Concept Learners for Few-Shot Learning
This addresses the problem of improving generalization in machine learning for tasks like image classification and document categorization, though it is incremental by building on existing meta-learning methods.
The authors tackled the challenge of few-shot learning by proposing COMET, a meta-learning method that learns human-interpretable concept dimensions, achieving 6-15% relative improvement on 1-shot tasks compared to baselines.

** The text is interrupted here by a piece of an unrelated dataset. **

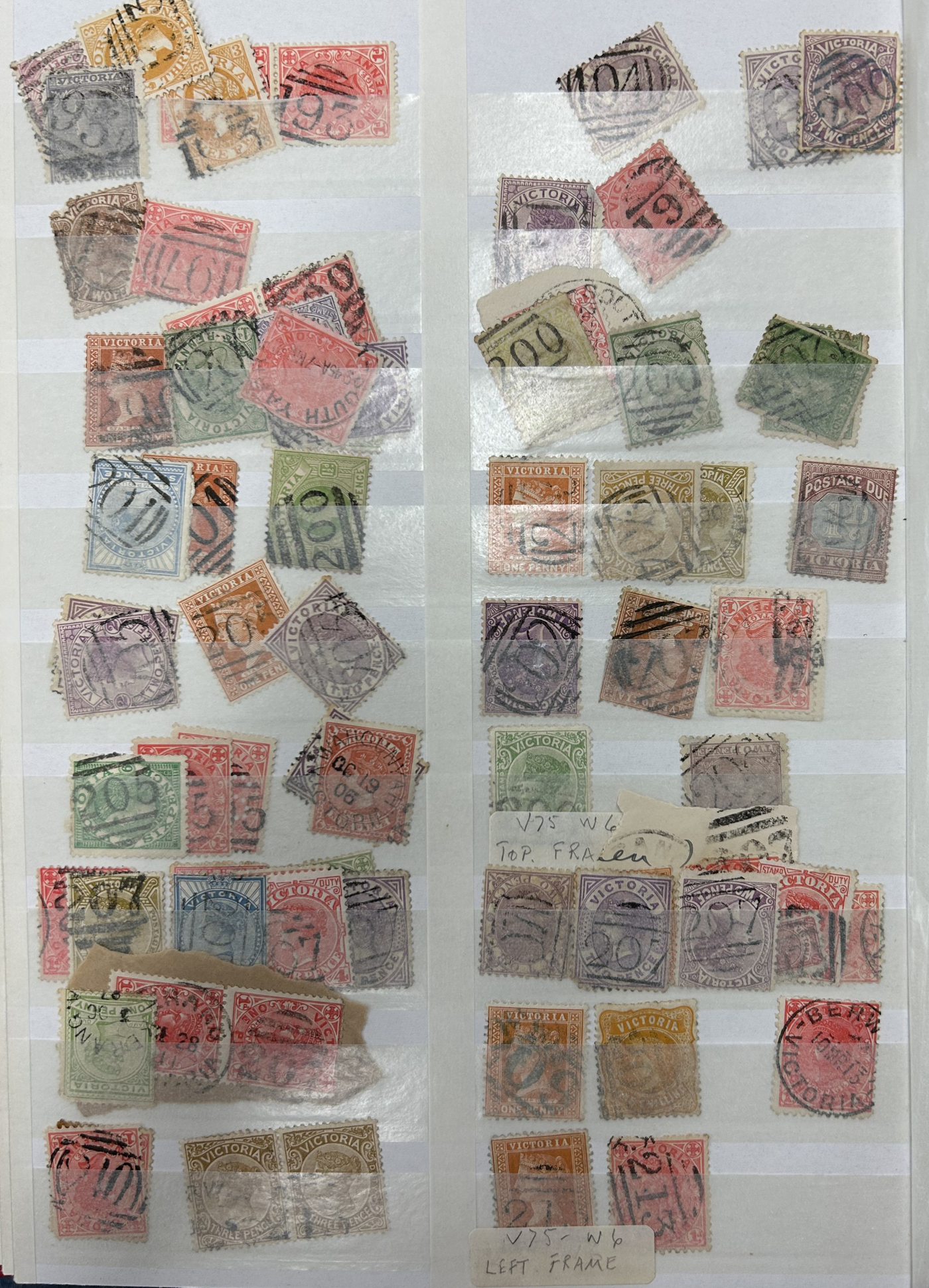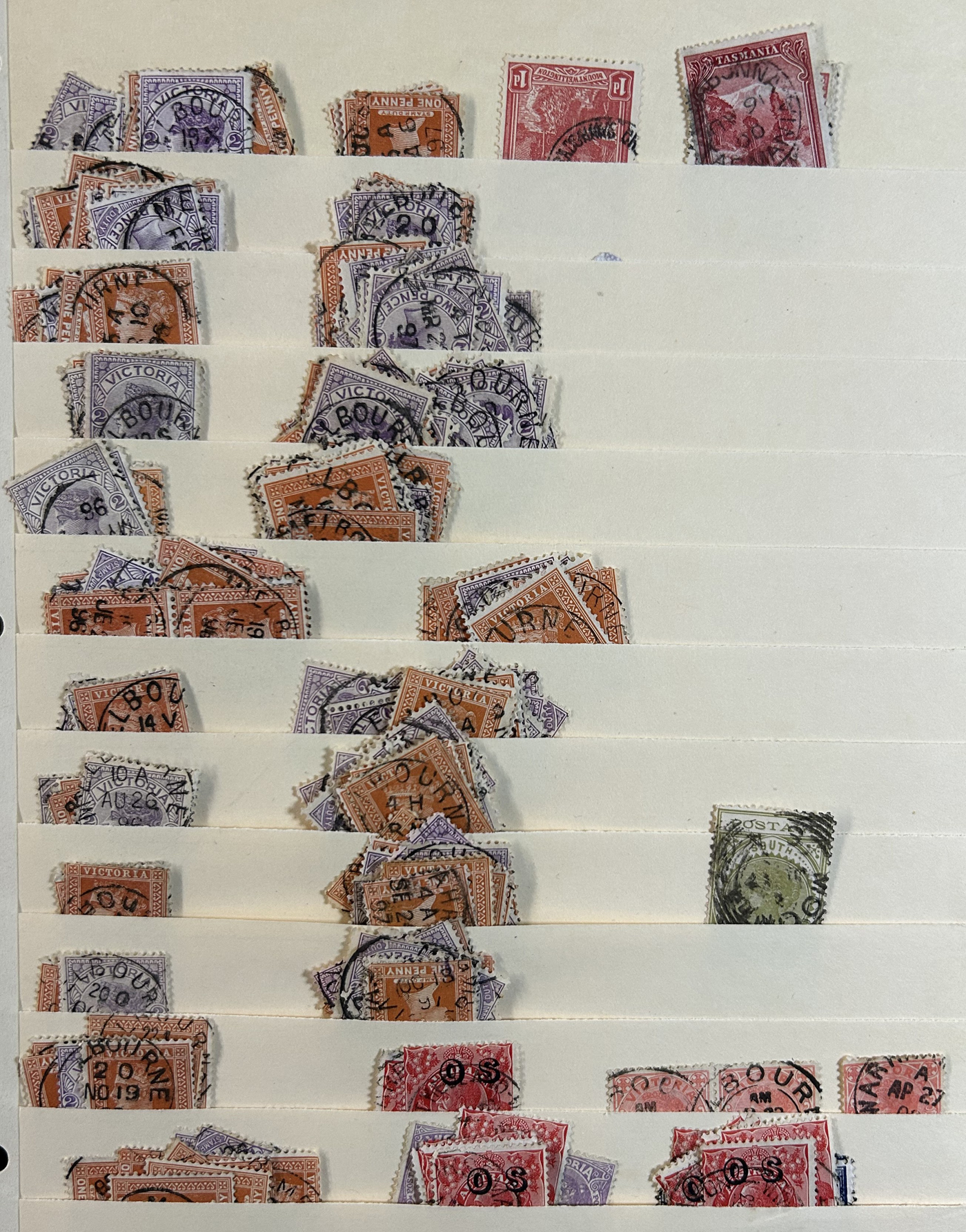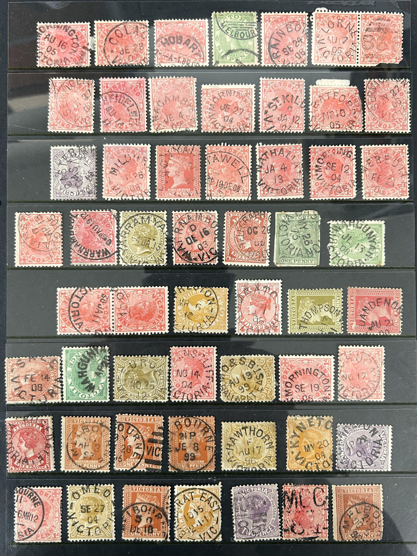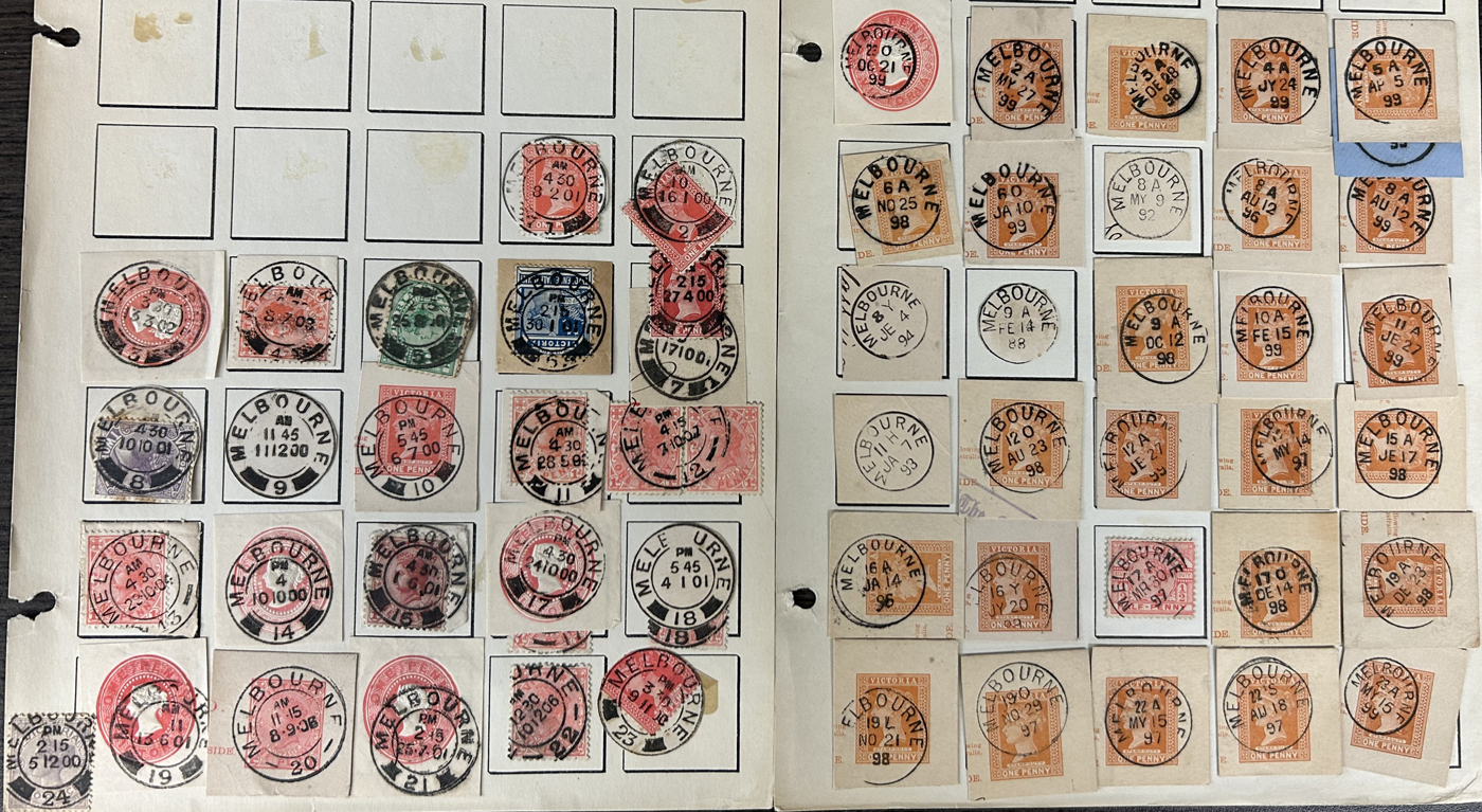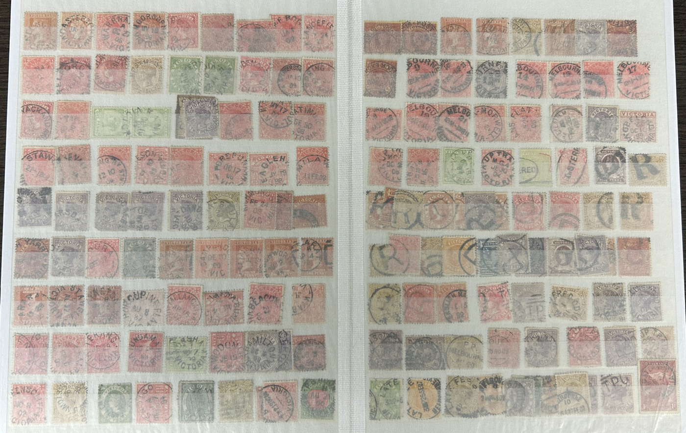 1246 O Victoria imageLarge Collection / Accumulation of Victoria Town Postmarks on Victoria Stamps, filling 6 black stock sheets, 4 small stock cards, 11 stockbook pages, 2 album pages, plus glassines and envelopes full. The lot contains specialized Melbourne c.d.s. studies as well as hundreds of different town postmarks (many small towns) on many different stamp issues, including higher catalogue ones. One glassine contains only Tasmania postmarks on Victoria stamps. Probably a few thousand stamps in all, with a good proportion being socked on the nose strikes. See our pictures for a sampling. (Scan 1) (Scan 2) (Scan 3) (Scan 4) (Scan 5) (Scan 6) (Scan 7) (Scan 8) (Scan 9) (Scan 10) (All Scans)

Developing algorithms that are able to generalize to a novel task given only a few labeled examples represents a fundamental challenge in closing the gap between machine- and human-level performance. The core of human cognition lies in the structured, reusable concepts that help us to rapidly adapt to new tasks and provide reasoning behind our decisions. However, existing meta-learning methods learn complex representations across prior labeled tasks without imposing any structure on the learned representations. Here we propose COMET, a meta-learning method that improves generalization ability by learning to learn along human-interpretable concept dimensions. Instead of learning a joint unstructured metric space, COMET learns mappings of high-level concepts into semi-structured metric spaces, and effectively combines the outputs of independent concept learners. We evaluate our model on few-shot tasks from diverse domains, including fine-grained image classification, document categorization and cell type annotation on a novel dataset from a biological domain developed in our work. COMET significantly outperforms strong meta-learning baselines, achieving 6-15% relative improvement on the most challenging 1-shot learning tasks, while unlike existing methods providing interpretations behind the model's predictions.